La misma Benhabib se pregunta de qué modo trasladar estas pretensiones morales abstractas a
un marco político dado. O lo que es lo mismo, de qué modo los principios morales como el derecho
a la libertad de expresión, libertad religiosa, de asociación, a la vivienda, a la educación, a la
sanidad… se plasman en marcos jurídicos concretos. Para ella, el derecho de autogobierno es el
principio fundamental que explica el trasvase de derechos morales a legales, por cuanto constituye
el cauce que permite ponerlos en marcha. Ese derecho también explica el grado de variabilidad de
aplicación entre comunidades políticas. La igualdad de género está mucho mejor recogida en la ley
española y sus desarrollos con la ley de paridad que en EEUU, pero peor que en Canadá. Por tanto,
igual de importante que ser sujetos de derechos, es el reconocimiento de que los seres humanos
son creadores de derecho, y únicos responsables de traducir a sus contextos propios, los
principios morales reconocidos en los DDHH. En este sentido, Benhabib sigue a Jünger Habermas,
para quien solo pueden pretender legitimidad aquellas regulaciones que logran el asentimiento de
todos los ciudadanos, tras un proceso legislativo discursivo legalmente constituido. O lo que es lo
mismo, las leyes se constituyen tras una discusión previa en la esfera pública, en la que los
ciudadanos son libres de participar y opinar. El sujeto de derecho no es un sujeto pasivo sino
activo, de ahí que no tenga sentido ninguna ley que se haga a espaldas de los ciudadanos.

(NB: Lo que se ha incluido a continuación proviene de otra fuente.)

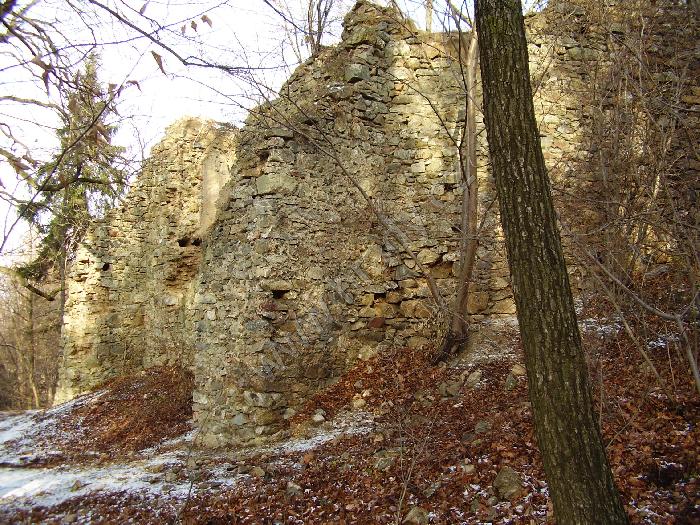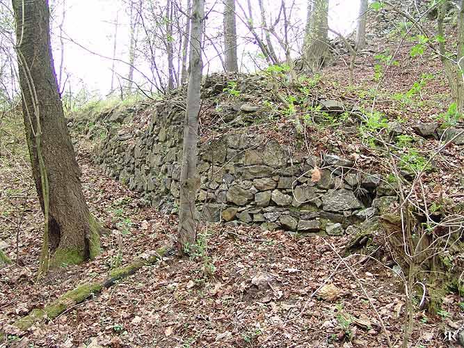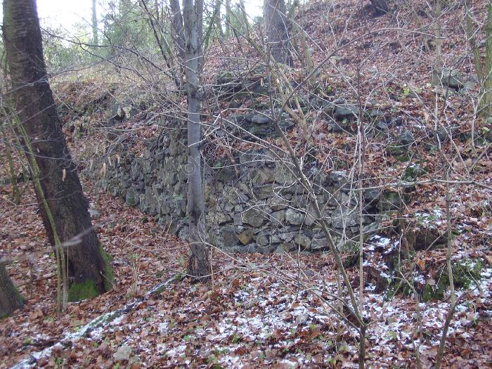 Zbytky ohradní zdi pod jádrem
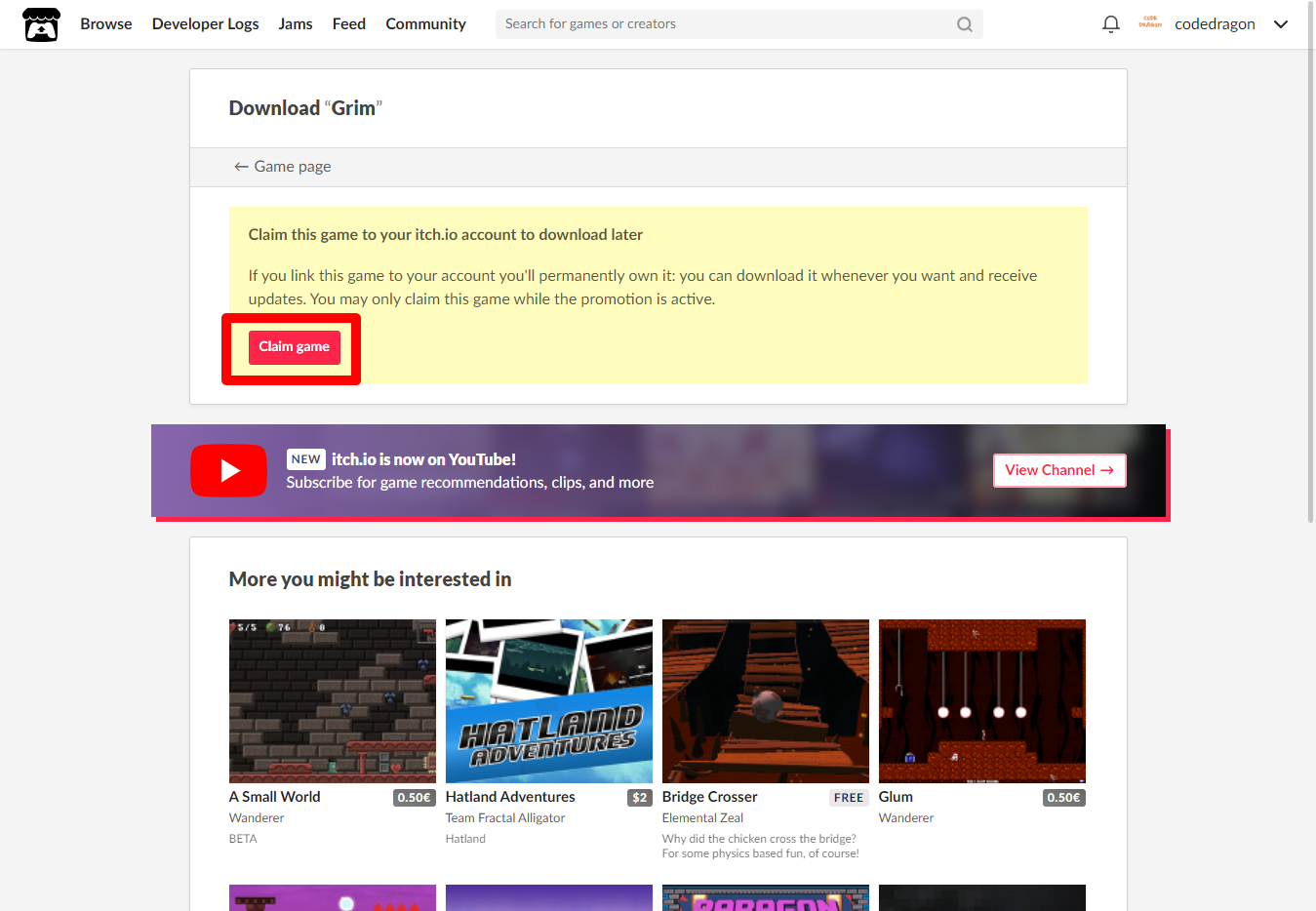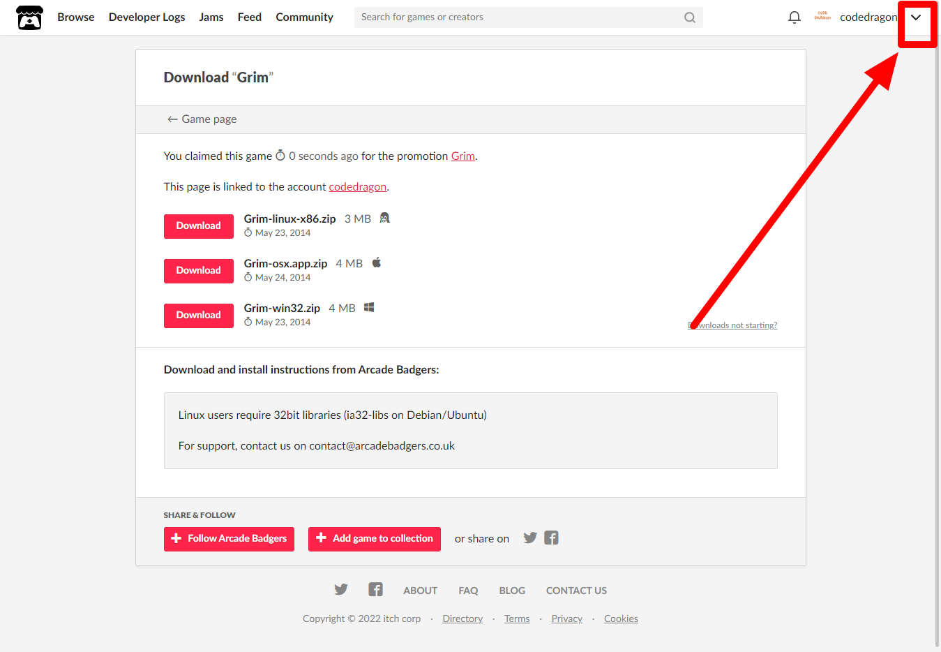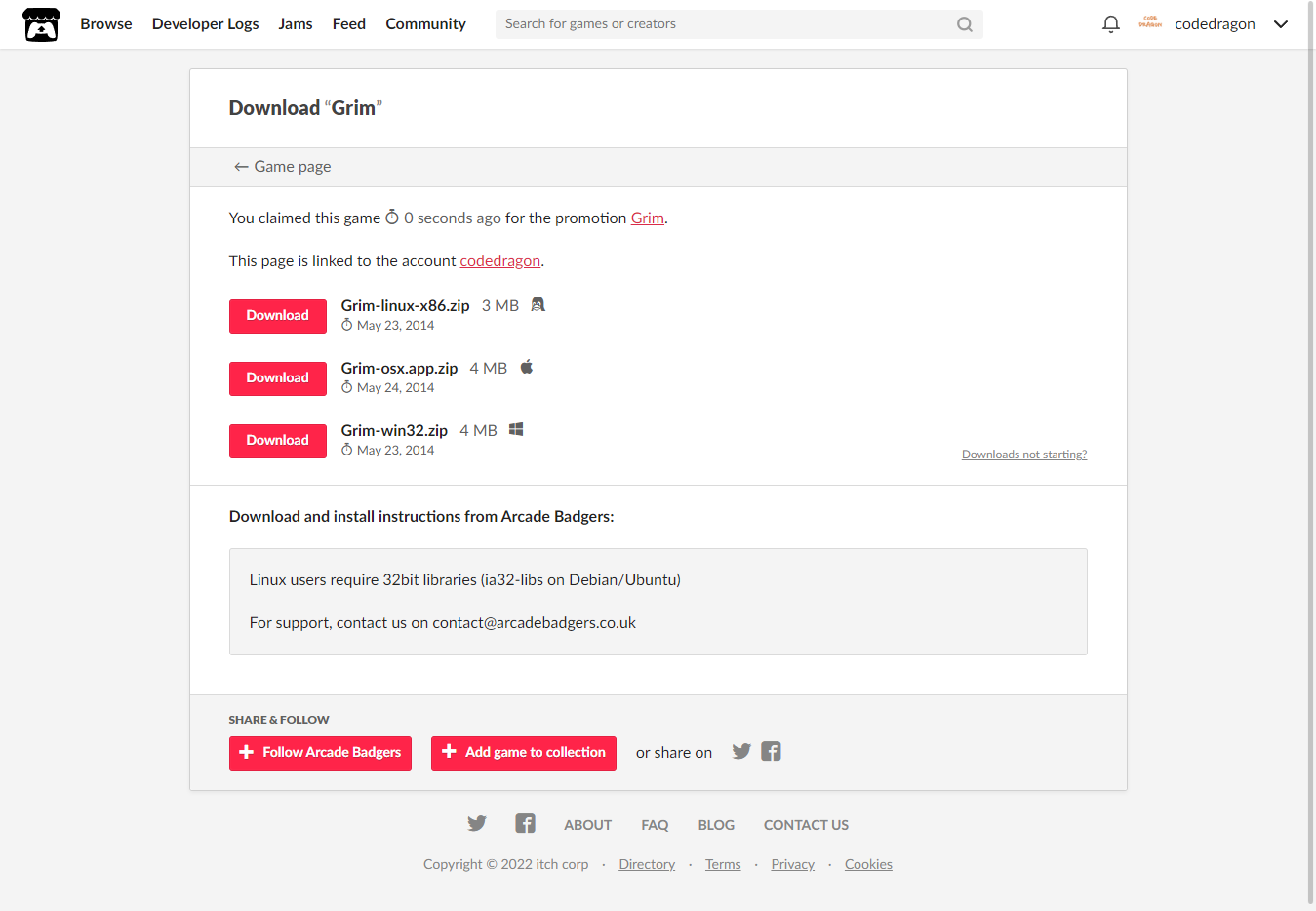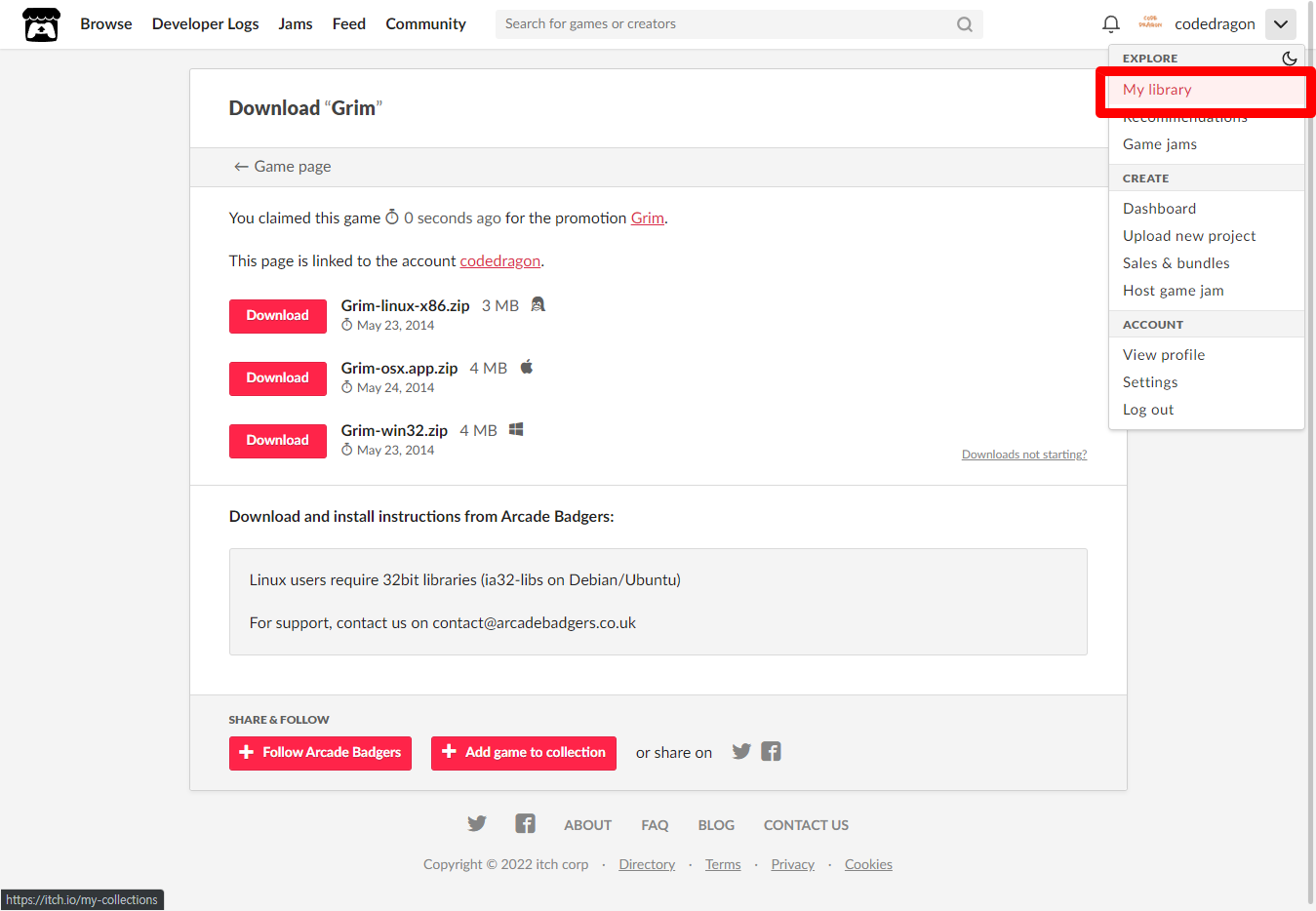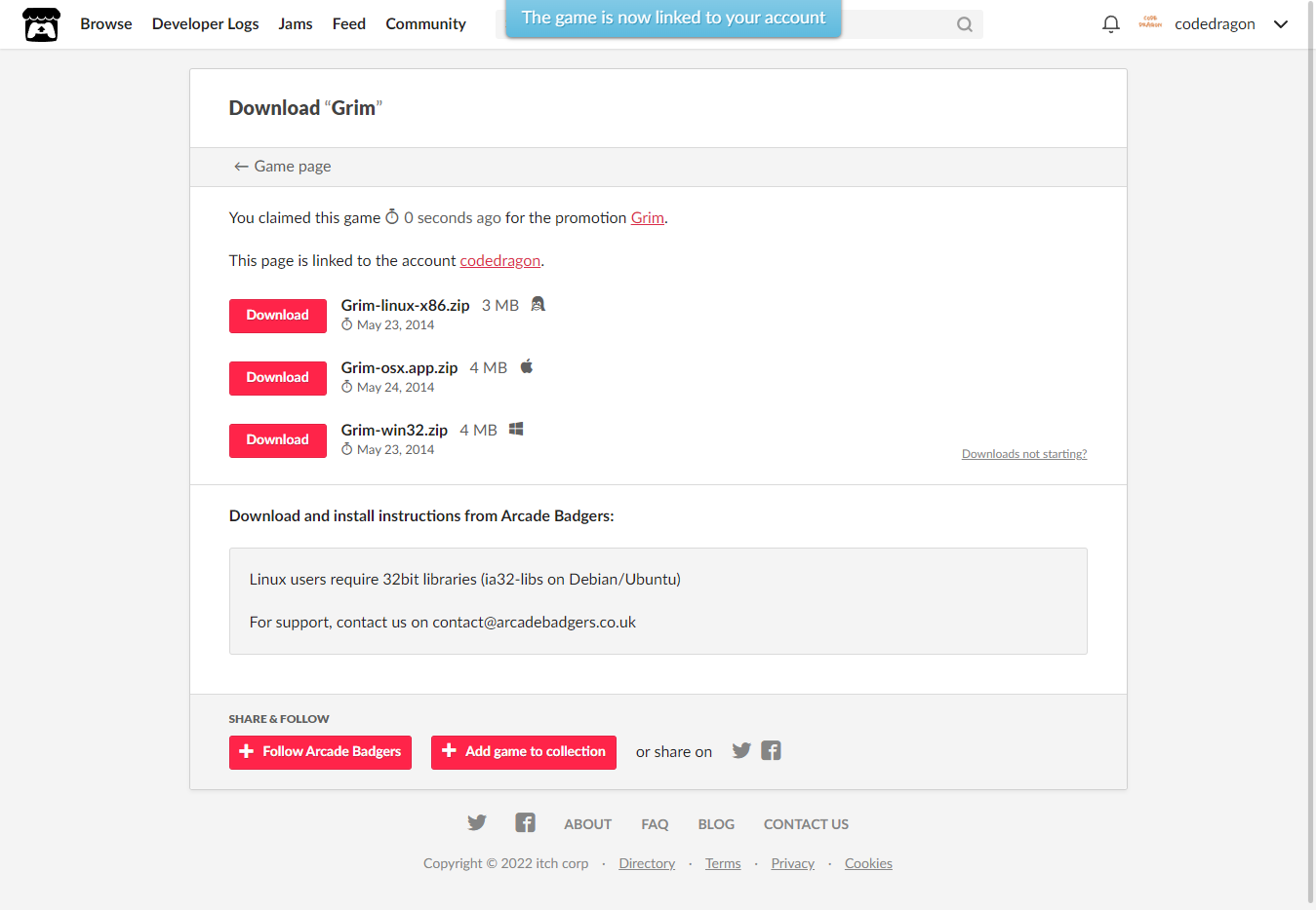 [Claim game]을 클릭하면 "Grim" 게임이 나의 게임 라이브러리에 추가되고 설치파일을 다운받을 수 있는 페이지로 이동됩니다.

Sin
democracia, sin sociedad civil libre, los DDHH no serían posibles, pues su puesta en práctica, sus
variaciones culturales, el motor que impulsa su desarrollo y sus cambios, sólo se explican a partir
del principio de autogobierno democrático.

Cristina Lafont añade a estas exigencias, la necesidad de que esos derechos tengan una dimensión
global: para que los DDHH tengan aplicación real y no sean meramente formales, se ha de añadir
una exigencia transnacional a la estatal vigente. La defensa de los intereses particulares de los
Estados y de sus ciudadanos tienen como límite los DDHH, por ello, las instituciones
transnacionales, como el FMI, deberían incluir entre sus estatutos el objetivo de hacer respetar y
promover activamente los DDHH a escala global, puesto que:

[...] En las condiciones actuales de globalización, es cada vez más evidente que las regulaciones
económicas globales adoptadas por ciertos actores no estatales (FMI, OMC, Banco Mundial…)
pueden tener un tremendo impacto en la posibilidad de proteger los derechos humanos a escala
mundial. Ahora bien, si éste es el caso, ¿no es poco plausible sostener que estas instituciones no
tienen ninguna obligación en materia de derechos humanos? Y lo que es peor, ¿cómo puede la
comunidad internacional responsabilizar a los Estados de las consecuencias de regulaciones
globales no está realmente en sus manos determinar? ¿No debería la comunidad internacional
exigir responsabilidades a aquellos actores cuyas decisiones y acciones impiden la protección de
los derechos humanos, tanto si son Estados como si no lo son, en lugar de exigir
responsabilidades a los Estados por decisiones y acciones que no están bajo su control.

LECTURA OBLIGATORIA: Benhabib, S., “Otro universalismo: Sobre la unidad y


diversidad de los derechos humanos”.